By the way, i changed my sysbox packageing regarding loading the configfs module from modprobe.d to modules-load.d. This is easier and does not require a update-initramfs hook. Just place this file here: /usr/lib/modules-load.d/sysbox.conf

configfs

But the module must be loaded within the postinst anyways. Both, modprobe.d and modules-load, take only effect after reboot.

[ctalledo]

Thanks @nudgegoonies. Regarding this error:

mkdirall sys/kernel/config with mode 755 failed: mkdir sys/kernel/config: permission denied: unknown

This is a bit strange, as Sysbox is simply creating a dir in the container's /sys/kernel/config; weird that this operation by itself would result in a dependency on configfs. Something is funky so I'll take a closer look.

[nudgegoonies]

I only found an old debian bug regarding this: https://bugs.debian.org/cgi-bin/bugreport.cgi?bug=840356 And an old ubuntu bug: https://bugs.launchpad.net/kolla/+bug/1631072

By the way, i had problems with the jq dependency. It is needed in the debconf and *inst scripts. Simply depending on jq is not enough because jq is used before it is installed (install order different). I had to add "Pre-Depends: jq" line in the control file to fix.

[rodnymolina]

@nudgegoonies, yes, I remember seeing something in the past that can probably explain this configfs issue. Will take a look and update our installer dependencies if needed.

Concerning jq, we usually fix this by having users running apt-get install -f, but your suggestion of explicitly setting a pre-dependency may work even better. Will look at that too.

Thanks for reporting these issues and for all the suggestions!

[nudgegoonies]

@rodnymolina Even with "Pre-Depends: jq" jq is not there on the first run of the script. I learned in the debianforum.de that the script is run twice (and thus must be idempotent). And with the "Pre-Depends: jq" the "apt-get install -f" is not needed.

[nudgegoonies]

Another hint regarding debian 10/buster. Of course the backport kernel is needed. But since lastweek also the backport of libseccomp2 is required.

[rodnymolina]

@nudgegoonies, just fyi.

As part of our latest release (v0.3.0), we made a few of the enhancements you suggested to our Sysbox installer:

• We now support Debian Buster and Bullseye.

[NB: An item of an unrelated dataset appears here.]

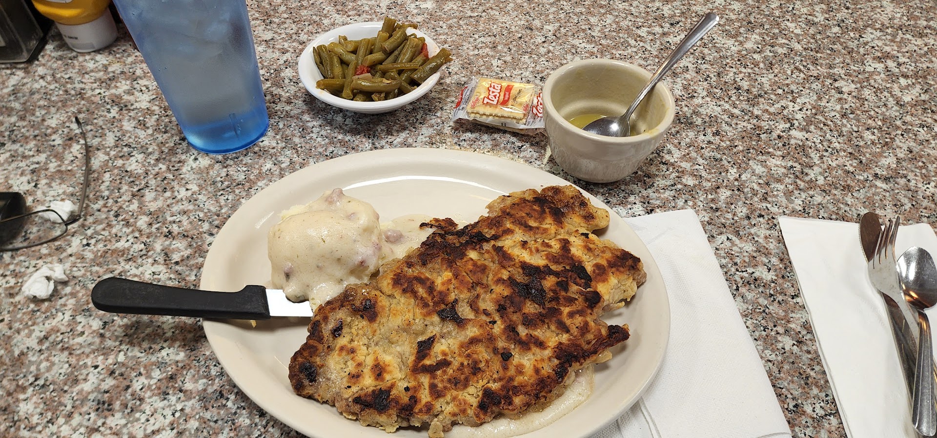 If I had the option to give no star I would! I only have these pics but after eating here and talking with the owner I wouldn't recommend this place to anyone. My family has been coming here for decades and I have never been treated with this kind of service in my life. My family and I walked out unsatisfied with the way the hamburger steak came out and the foil in my chicken fried steak plus the burnt pizza crust my son got. The service we got from there on from the waiter saying it hand nothing to do with him to the plate that got sent back only to get that same plate back to get another burnt piece of hamburger worst then the first one they brought out and to my son's hard crust, half burnt pizza to the foil I found in my chicken fried steak. That's not even the end of it! When asked to speak with someone in charge they told us to write a note on our receipt or call the manager. Trying to be nice and not wanting to walk out on our ticket, I questioned who the acting manager was while the one was at an appointment. We had to wait for the owner to show only to have him give us an excuse after another about how his company was suffering from the pandemic and telling us that his distribution was not the same. However, that was not the issue at hand, the food was not prepared right and overall, we gave up and said the HELL WITH THIS PLACE! WE PAID OUR TICKET AND LEFT UNSATISFIED! So here I am writing a review... I give this place a BIG ZERO!!! NEVER GOING BACK! THANKS FOR READING...

• jq is not part of the 'pre-configuration' script anymore, as I realized that we were going against Debian's policy guidelines, specifically the ones that deal with debconf limitations. jq is still required, but not at the early stage we were expecting it before.

• And finally, as you suggested, we added a file in /etc/modules-load.d to deal with the configfs module dependency.

As Cesar mentioned above, we will try to have your other suggestions implemented for our next release. I'll go ahead and close this one now as we are tracking those enhancements in separate issues.